Only this year, 11 years after my brother's death (he fell from the 11th floor, an accident, and if the injury were not so extensive, he would also have been pumped out by all possible means), I learned to cry. I realized that all the "modern" people were at his funeral for the lamentations of all the "modern" people - it was my grandmother who lamented about him, wept, as the mourners did. This year I took a large handkerchief, covered my head with it (separated from the world of the living), and voiced my brother and dad (I took the voices in a book). I cried, burned out, and let me go. Although still, ever, ever, there is a feeling of guilt. I think this is from the realization of the terrible word "never".

I thought about this (about resuscitation, life extension, etc.) a lot, a lot, a lot, when I was planning to give birth at home. Then I came across this article a couple of times, and again I thought and thought … Everything is correct here, I understand a lot for myself in the same way. And still I can't say that I decided something for myself in this regard. Everything still depends on everything.
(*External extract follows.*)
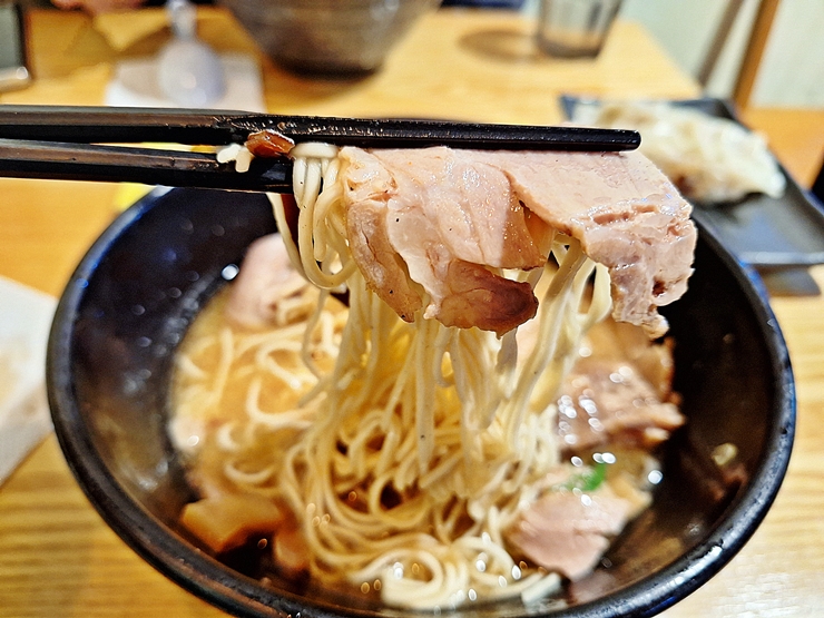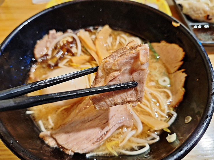 면과 차슈를 함께 먹으면 더욱 맛있게 먹을 수 있지. 라멘은 나트룸 함량이 높고 탄수화물 비중이 높기 때문에 몸에 좋지 않은 음식이긴 하지만 가끔 이렇게 먹으면 괜찮다.

But dying, like being born, preferably at home, is the only thing I almost know for sure.

Oncological surgeon statements that make your hair stand on end

His name is Marty Makarei and he is an oncologist surgeon. Reading his statements, it is important to remember that this is a practicing physician who works in the system and believes in it. This makes his remarks even more shocking:

Every fourth patient in the hospital is harmed due to medical errors …
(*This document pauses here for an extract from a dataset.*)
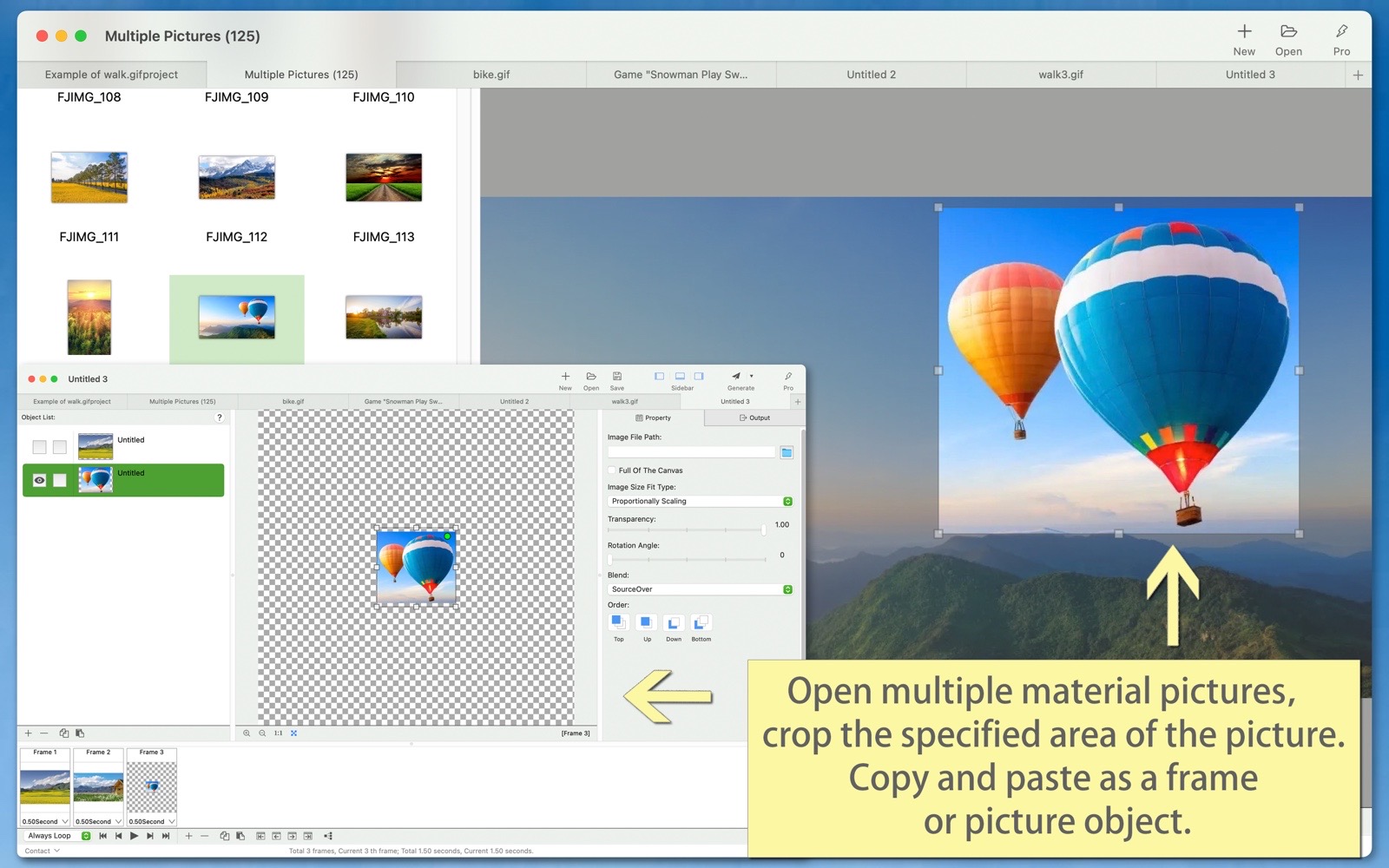 (1) The frame list is clear at a glance, and you can modify the delay time of each frame. Adjusting the frame order is simple and quick. Copy multiple image files in Finder and paste them directly into the frame list to create new frames quickly and conveniently.

One cardiologist was fired because of his claim that 25% of electrocardiograms are misinterpreted …

The doctor's profit depends on the number of operations performed by him …
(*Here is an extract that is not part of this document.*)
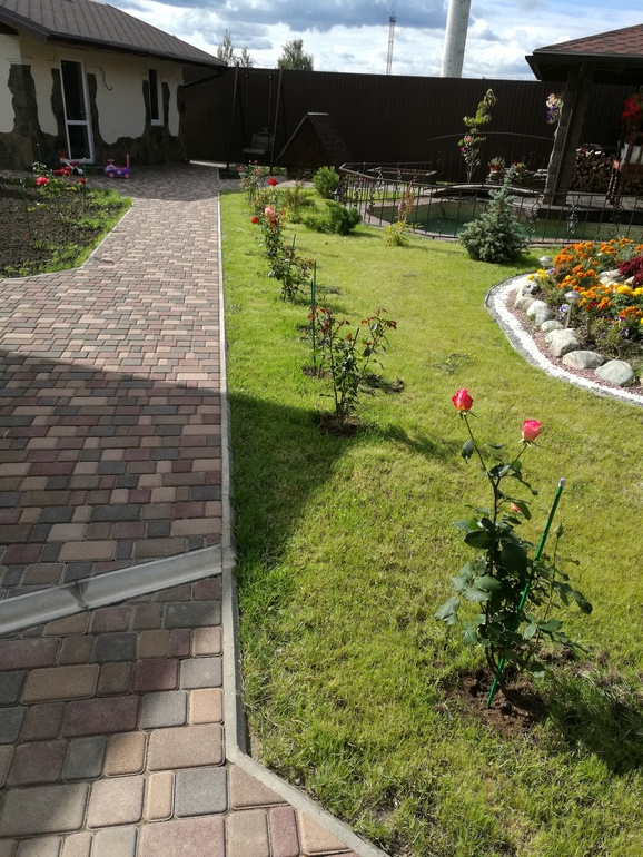 Вдоль дорожек по двору посадила 70роз..еще конечно маленькие но уже цвели здорово в этом году.

Almost half of the treatments are based on nothing. In other words, almost half of therapies are not based on any meaningful and validated research findings …

More than 30% of medical services are unnecessary …

I know of cases when patients were deliberately not informed about the most bloodless method of surgery so that the doctor had the opportunity to fully practice. At the same time, the doctor hoped that the patient would not know anything …

Medical errors are in fifth or sixth place among the causes of death, the exact figure depends on the methods of calculation …

The doctor's task is to offer the patient at least something, even if the doctor can no longer help. This is a financial incentive. Doctors need to pay for equipment bought on credit … In other words, we have expensive equipment, and in order to pay for it, they need to use it …

Dr. Macarea's hospital colleague is Barbara Starfield. She revealed the following facts to the public:

Every year 225 thousand patients die from the results of direct medical intervention.

One hundred and six thousand of them die as a result of using officially approved drugs.

The remaining 119,000 are victims of inadequate medical care. This makes medical intervention the third leading cause of death.